RSL salary furore over director pay rises
Members of one of the biggest RSL clubs in Queensland are up in arms over what has been described as a “blatant money grab” by directors.
Editor's Note – 16 May 2023 Following publication of this article, on 1 March 2023 Ms Walters was released from preservation orders previously obtained by ASIC and the Federal Court proceeding has been discontinued against her.
Members of one of the biggest RSL clubs in Queensland are up in arms over what has been described as a “blatant money grab” by directors.
Nambour RSL Club members will be asked to approve an almost 50 per cent hike in directors’ remuneration at the organisation’s annual general meeting next week.
The total remuneration paid to the club’s seven part-time directors will increase from $84,000 to $124,800 per annum under a move to an individual reward model.
Under the new system, the chairman will receive $24,000 a year, committee chair $18,000 and committee members $14,400.
Not a king’s ransom but angry members point out that only 18 per cent of not-for-profit directors in Australia get paid at all, meaning 82 per cent give their time voluntarily.
The club, which changed its name to Boldridge Management and Development Group in 2018, has more than 20,000 members with the organisation turning over $17m this year.
The club has told members that following a review of its corporate governance responsibilities there had been a significant increase in responsibilities of each board member.
The club “recommends to members that they take this information into account when determining the level of remuneration.”

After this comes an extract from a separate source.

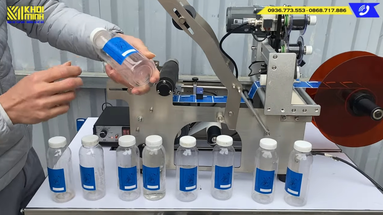 Như chúng ta đã biết, hầu hết các sản phẩm tiêu dùng dạng chai, lọ trên thị trường đều có nhãn dán trên thân chai. Những nhãn dán này giúp người tiêu dùng dễ dàng nhận biết các thông tin quan trọng như tên sản phẩm, thành phần, thương hiệu, nguồn gốc xuất xứ, cũng như ngày sản xuất và hạn sử dụng. Vì vậy việc dán nhãn không chỉ giúp sản phẩm trông chuyên nghiệp hơn mà còn giúp khách hàng tin tưởng hơn khi lựa chọn sản phẩm. Điện Máy Khôi Minh đã giới thiệu đến quý vị và các bạn máy dán nhãn chai tròn MT-50.

But one longstanding member of the club says the plans to hike remuneration has caused a lot of “distaste and some outright disgust” among the members. ”It appears to be a blatant grab for money,” says the member.
He says the board appears to be going through some trauma since the abrupt departure of long term chairman and former RSL president Len Bebbington in June.

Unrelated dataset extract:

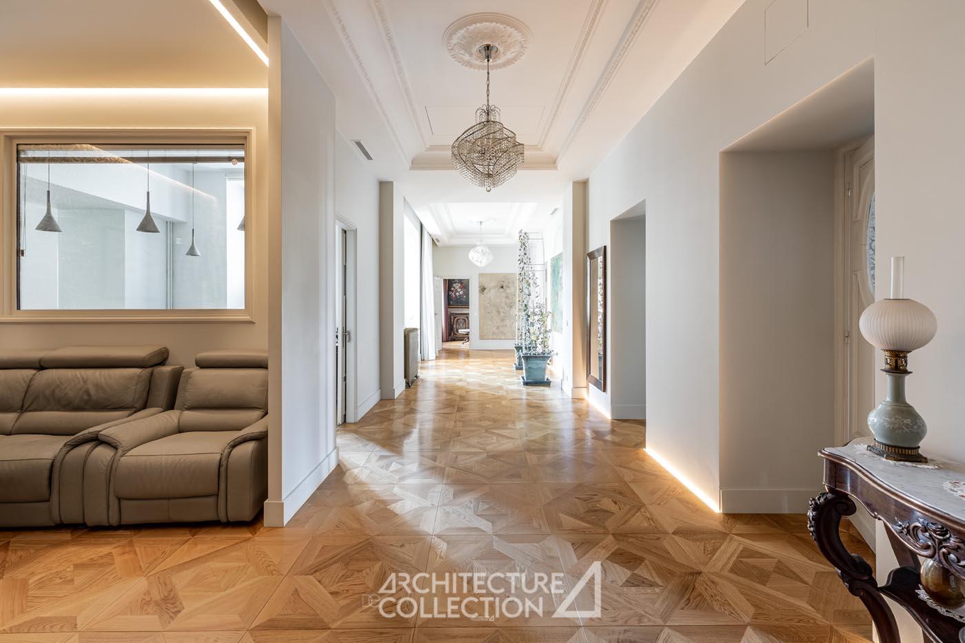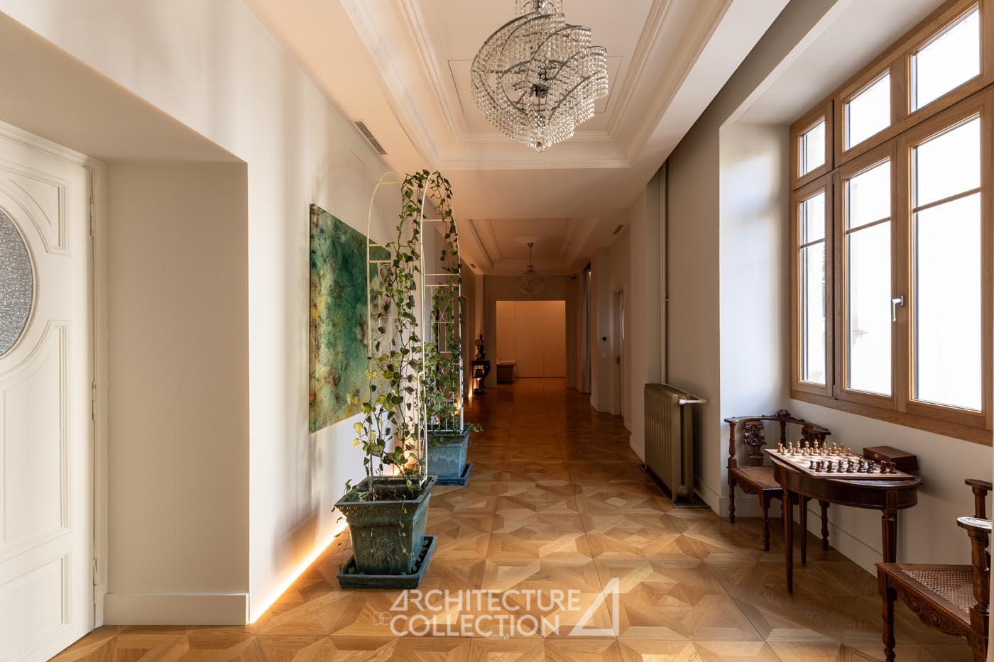 L’appartement s’articule autour d’une vaste galerie d’entrée de 46 m², depuis laquelle se distribuent l’ensemble des pièces.

Board members include Scripture Union Sunshine Coast boss Kerry Evans, University of the Sunshine Coast law lecturer Simone Pearce, local businessman Bill Sawry, former Sunshine Coast Sea Eagles chief executive Justin Veivers, RSL & Services Clubs Association chief executive Penny Wilson, and Orange Sky chief financial officer Melanie Woodward. The board did not respond to request for comment.
ROCK ON
VideoPro boss Cameron Douglas is a man of many talents – chief executive by day and rock god at night. Douglas, who got his first guitar at the age of eight and played in pub bands in his 20s, will be one of the corporate types hitting the stage at the Triffid on Saturday, November 6, for the fifth annual BrisBand competition.

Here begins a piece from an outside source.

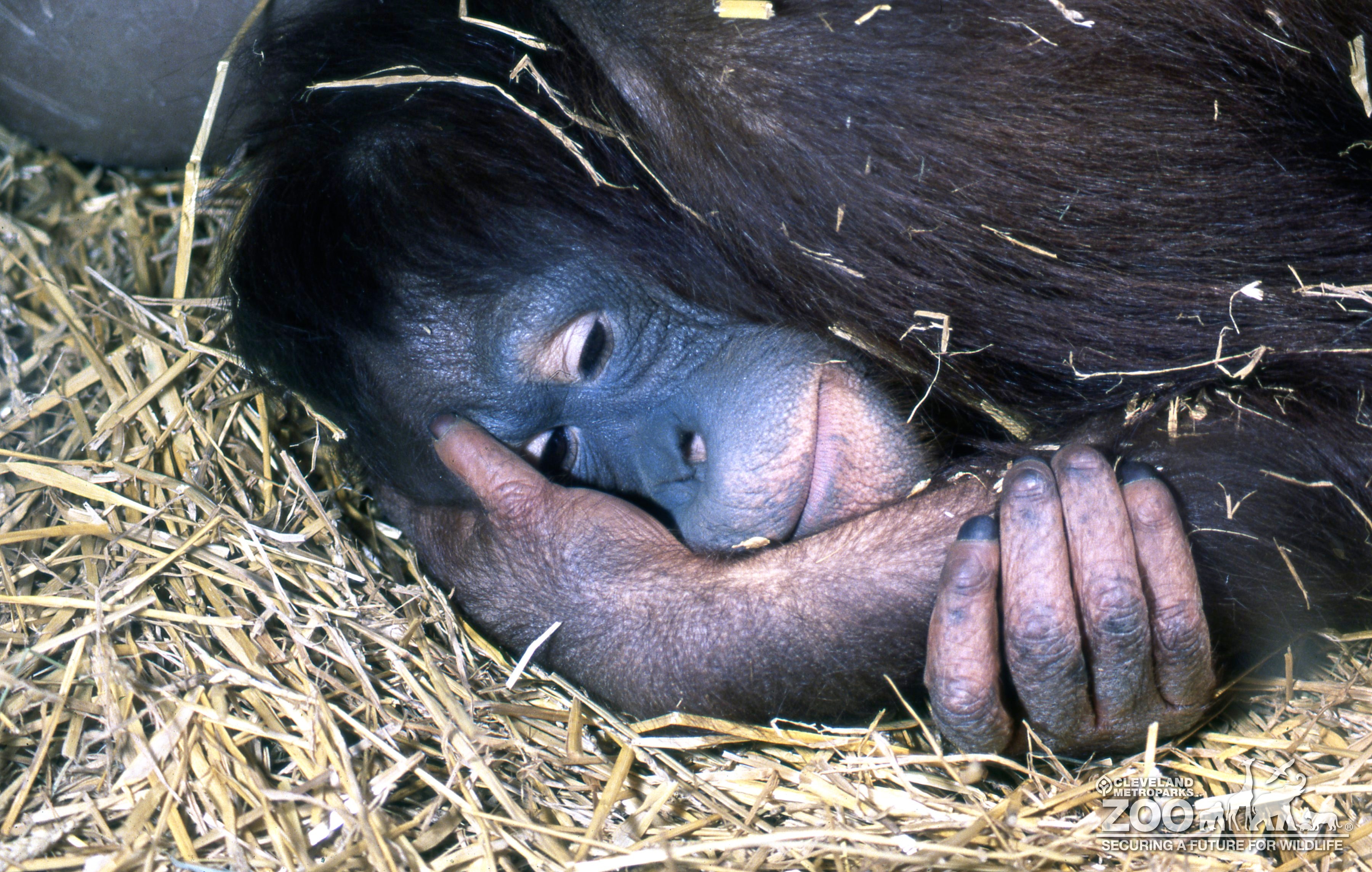 Orangutan laying it head down on a bed of hay resting. It has one hand cradling its face. View is only of head and shoulders.

Douglas (illustrated), who has taken part in every competition, says the standard of music at the event has improved with every year. “The first one was a bit high school dance night, but it has really picked up since then,” he says.
The night will feature bands from Deloitte, VideoPro, EY, KPMG, Rio Tinto and PwC with all proceeds raised to help preterm babies and their families via the Children’s Hospital Foundation. Deloitte partner and Triffid part owner John Greig says that along with great live music there also will be silent auction items, raffle prizes and collectable BrisBand merchandise on sale. Greig says that as a father of a pre-term son, albeit 28 years ago, he knows first-hand the difference that early medical intervention makes to these bubs in later years. Tickets are available from Moshtix.
ASIC MOVE
Australia’s corporate regulator has moved to shutdown an unlicensed financial services business accusing its directors of using millions of dollars of investors funds to buy property, luxury vehicles and crypto-assets.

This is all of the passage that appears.